Nevada also remains in the balance, and the state secretary of state said the tally will not be updated until Thursday morning. Joe Biden holds a slim lead with tens of thousands of mail-in and provisional ballots yet to be counted.
Just how bad were the Postal Service problems
News of a sub-optimally functioning Postal Service caused serious fears about the efficacy of mail-in voting. And the drama carried into Election Day, when a federal judge ordered the Postal Service to send inspectors to check for any remaining ballots not yet delivered in a number of swing states as their deadlines for accepting ballots approached.
But the Postal Service ended up ignoring the order, deeming it unfeasible in the time crunch of Election Day. Judge Emmet Sullivan lambasted the service for tossing his order and hinted he might demand Postmaster General Louis DeJoy to testify.
How much misinformation has appeared to influence the election
Misinformation has only expanded in scale since the 2016 election, and the shenanigans seemed to target voters directly. Election officials and voters alike have reported robocalls across the country, telling them to either stay home or vote on the wrong day.
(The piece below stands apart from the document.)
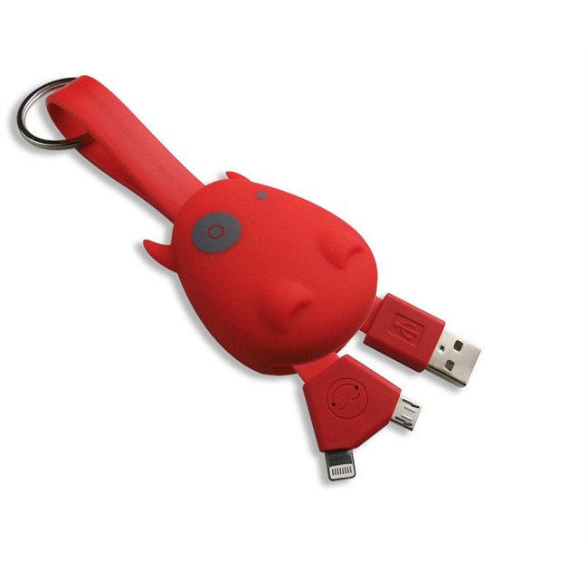 Questo divertente portachiave ti permette di avere sempre con te un cavo di ricarica. Dotato di un cavo USB e uno Micro-USB. Disponibile in vari colori.

Will Trump concede if he loses
Trump has repeatedly refused to entertain the possibility of losing and famously declined to commit to a peaceful transfer of power should Biden win. And while Trump pledged Tuesday morning that he’d declare himself winner “only when there’s a victory,” he struck a different tone early Wednesday morning.
“This is a fraud on the American public. This is an embarrassment to our country,” Trump said. “We were getting ready to win this election. Frankly, we did win this election.”
Balance of power in the Senate
Democrats came in needing to net three Senate seats if Joe Biden won the presidential election — giving a then-Vice President Kamala Harris the potential tie-breaking vote — but saw those hopes dim as their candidates came up short across the map, including in Maine where GOP Sen. Susan Collins pulled off a victory despite being substantially outspent.
Beyond Maine, Democrats failed to hit pay dirt in Iowa, Montana, South Carolina and possibly North Carolina, leaving them to hang their hats on the Georgia runoffs — a dicey proposition in a state where Republicans still have many advantages.